[Data excerpts — start]

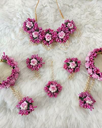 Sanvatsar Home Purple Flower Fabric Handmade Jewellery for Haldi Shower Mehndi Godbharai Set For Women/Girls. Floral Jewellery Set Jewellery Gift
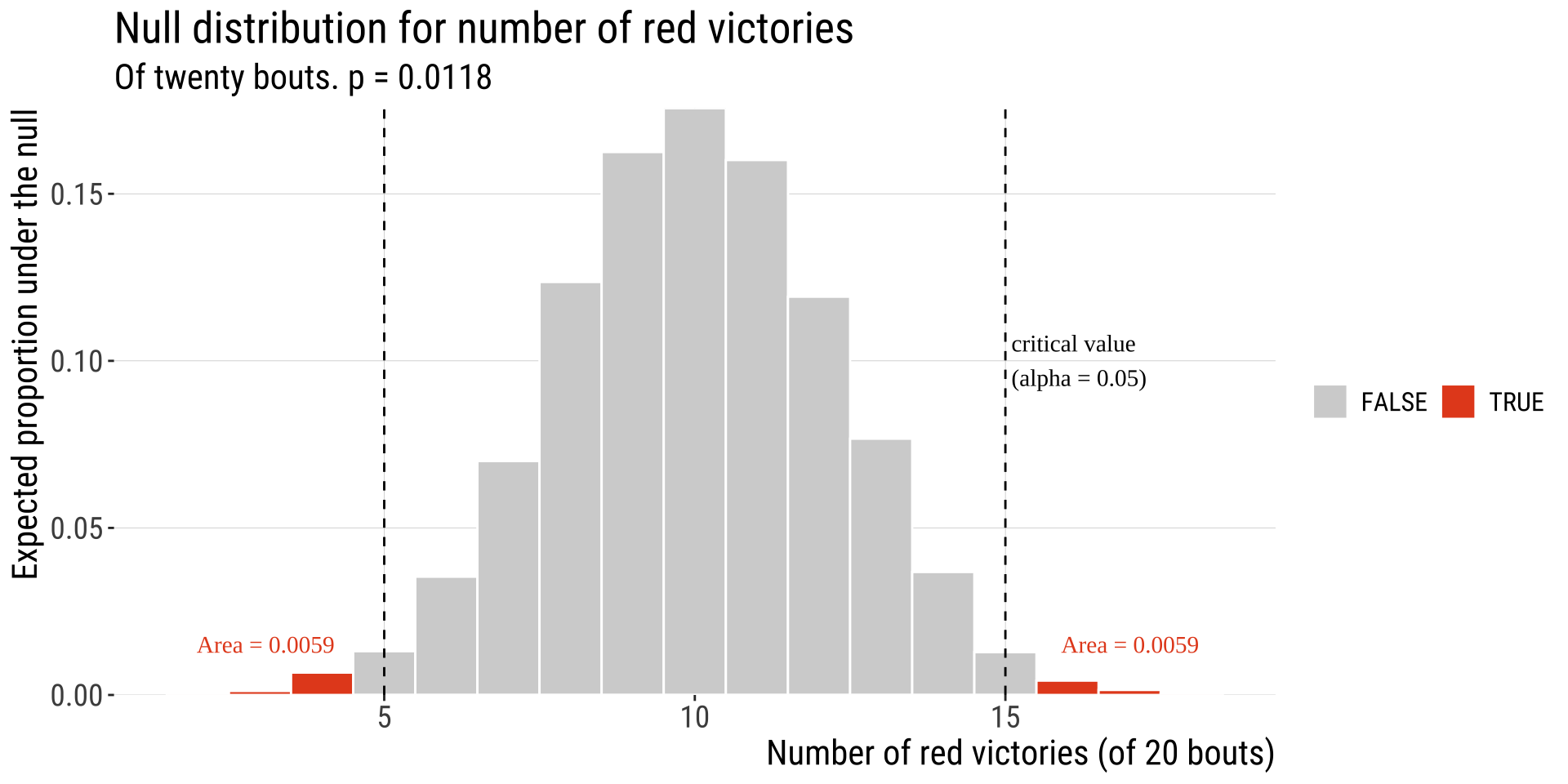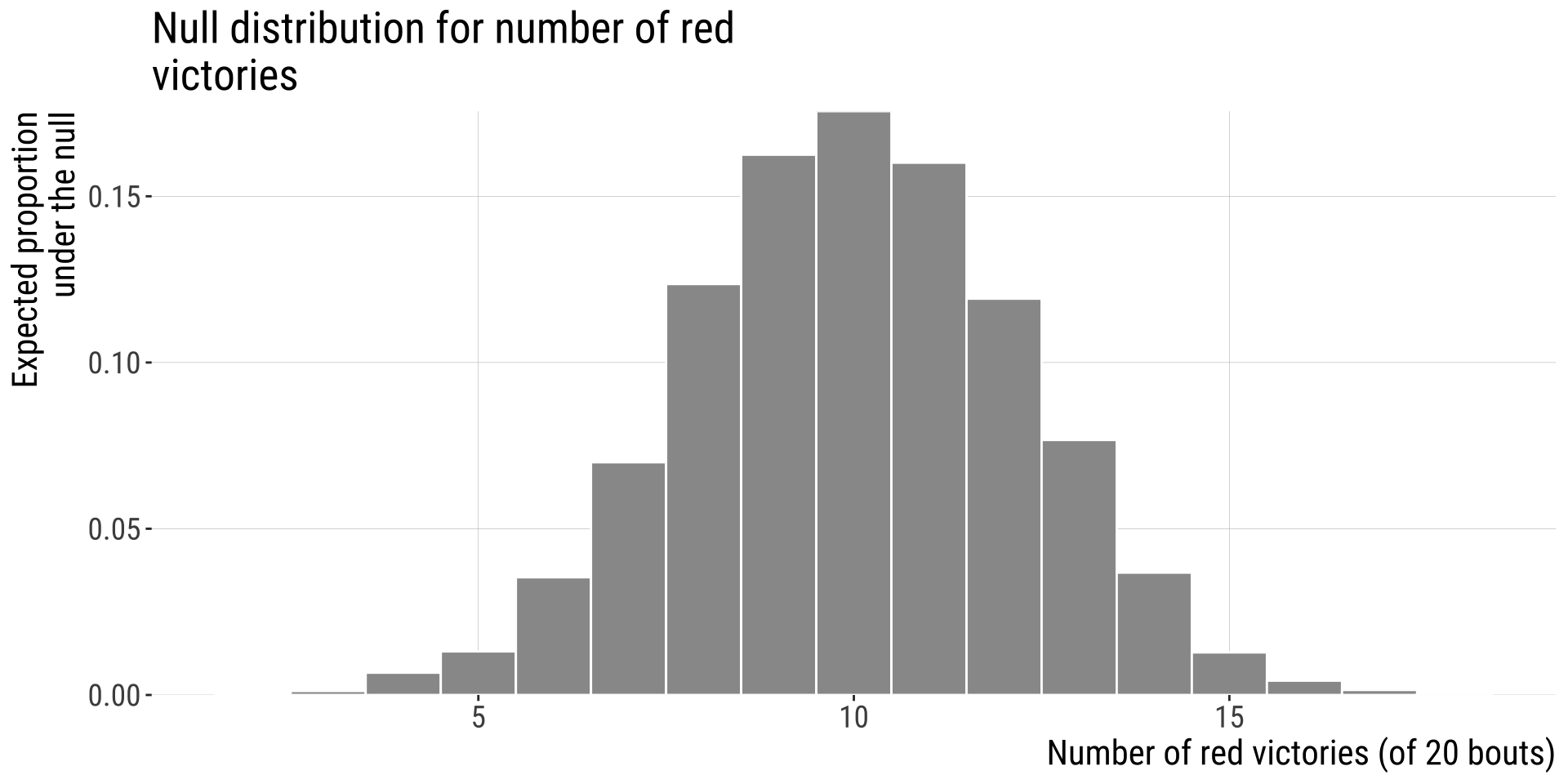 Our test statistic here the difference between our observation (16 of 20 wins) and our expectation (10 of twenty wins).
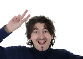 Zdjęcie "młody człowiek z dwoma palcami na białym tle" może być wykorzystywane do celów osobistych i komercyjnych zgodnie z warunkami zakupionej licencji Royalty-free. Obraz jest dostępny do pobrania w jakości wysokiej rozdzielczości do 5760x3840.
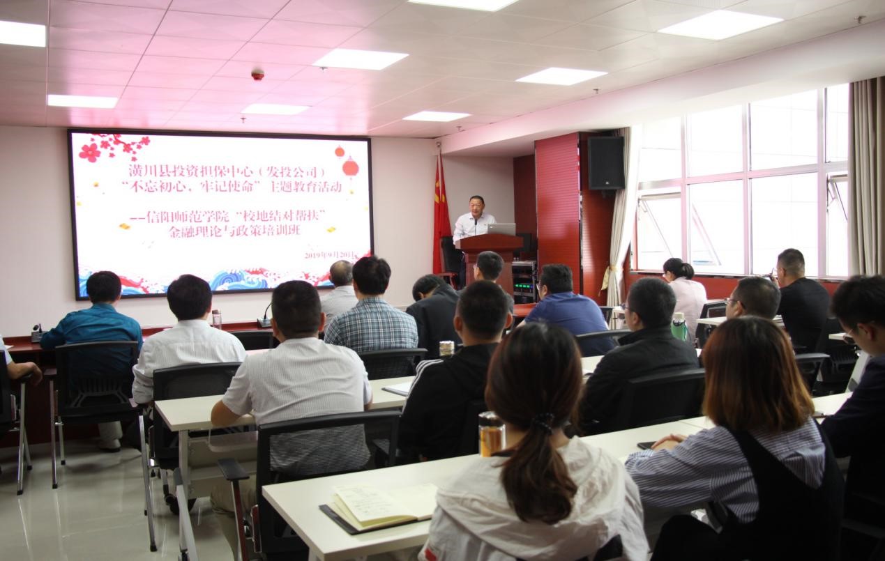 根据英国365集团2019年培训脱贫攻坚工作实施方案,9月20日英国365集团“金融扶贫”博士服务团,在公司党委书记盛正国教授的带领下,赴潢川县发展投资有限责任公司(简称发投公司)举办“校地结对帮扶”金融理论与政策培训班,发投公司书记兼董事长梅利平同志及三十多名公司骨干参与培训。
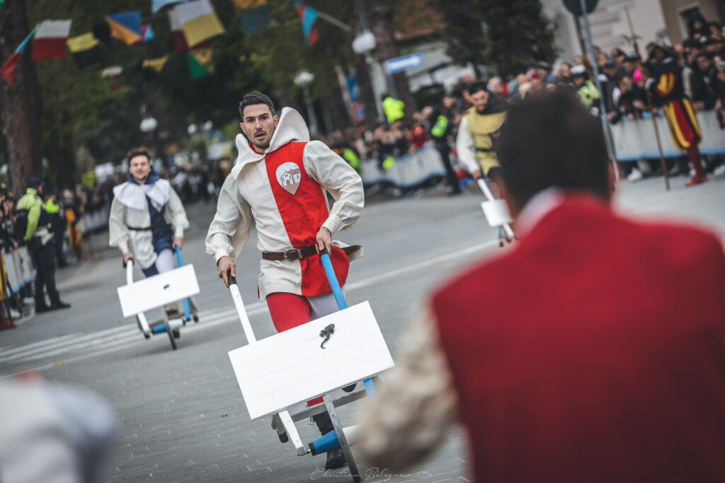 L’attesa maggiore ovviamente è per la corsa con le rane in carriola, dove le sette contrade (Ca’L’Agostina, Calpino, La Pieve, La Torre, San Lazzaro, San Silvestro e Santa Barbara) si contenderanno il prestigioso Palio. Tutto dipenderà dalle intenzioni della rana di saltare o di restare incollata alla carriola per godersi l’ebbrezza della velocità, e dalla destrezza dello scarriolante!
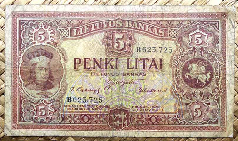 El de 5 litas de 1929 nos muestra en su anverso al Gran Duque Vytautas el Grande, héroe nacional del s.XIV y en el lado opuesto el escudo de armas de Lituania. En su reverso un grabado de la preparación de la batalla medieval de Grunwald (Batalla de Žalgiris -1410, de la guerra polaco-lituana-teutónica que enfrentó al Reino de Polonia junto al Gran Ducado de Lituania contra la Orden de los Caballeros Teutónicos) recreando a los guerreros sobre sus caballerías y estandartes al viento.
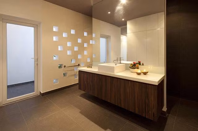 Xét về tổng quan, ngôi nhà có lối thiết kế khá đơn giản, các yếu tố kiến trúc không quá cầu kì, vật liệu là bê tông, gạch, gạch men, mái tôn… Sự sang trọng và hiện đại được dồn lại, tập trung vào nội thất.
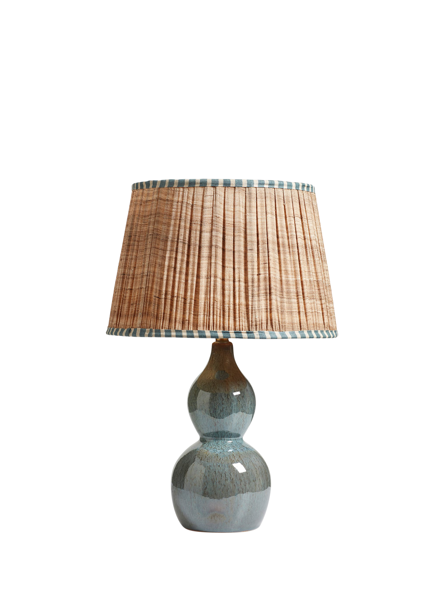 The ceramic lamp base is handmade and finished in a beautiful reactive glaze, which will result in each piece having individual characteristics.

[Data excerpts — finish]

Directions: Starting with the first line of the data, transcribe every line exactly through the one containing "L’attesa maggiore ovviamente". No pictures go in.

Written answer:
 Sanvatsar Home Purple Flower Fabric Handmade Jewellery for Haldi Shower Mehndi Godbharai Set For Women/Girls. Floral Jewellery Set Jewellery Gift
 Our test statistic here the difference between our observation (16 of 20 wins) and our expectation (10 of twenty wins).
 Zdjęcie "młody człowiek z dwoma palcami na białym tle" może być wykorzystywane do celów osobistych i komercyjnych zgodnie z warunkami zakupionej licencji Royalty-free. Obraz jest dostępny do pobrania w jakości wysokiej rozdzielczości do 5760x3840.
 根据英国365集团2019年培训脱贫攻坚工作实施方案,9月20日英国365集团“金融扶贫”博士服务团,在公司党委书记盛正国教授的带领下,赴潢川县发展投资有限责任公司(简称发投公司)举办“校地结对帮扶”金融理论与政策培训班,发投公司书记兼董事长梅利平同志及三十多名公司骨干参与培训。
 L’attesa maggiore ovviamente è per la corsa con le rane in carriola, dove le sette contrade (Ca’L’Agostina, Calpino, La Pieve, La Torre, San Lazzaro, San Silvestro e Santa Barbara) si contenderanno il prestigioso Palio. Tutto dipenderà dalle intenzioni della rana di saltare o di restare incollata alla carriola per godersi l’ebbrezza della velocità, e dalla destrezza dello scarriolante!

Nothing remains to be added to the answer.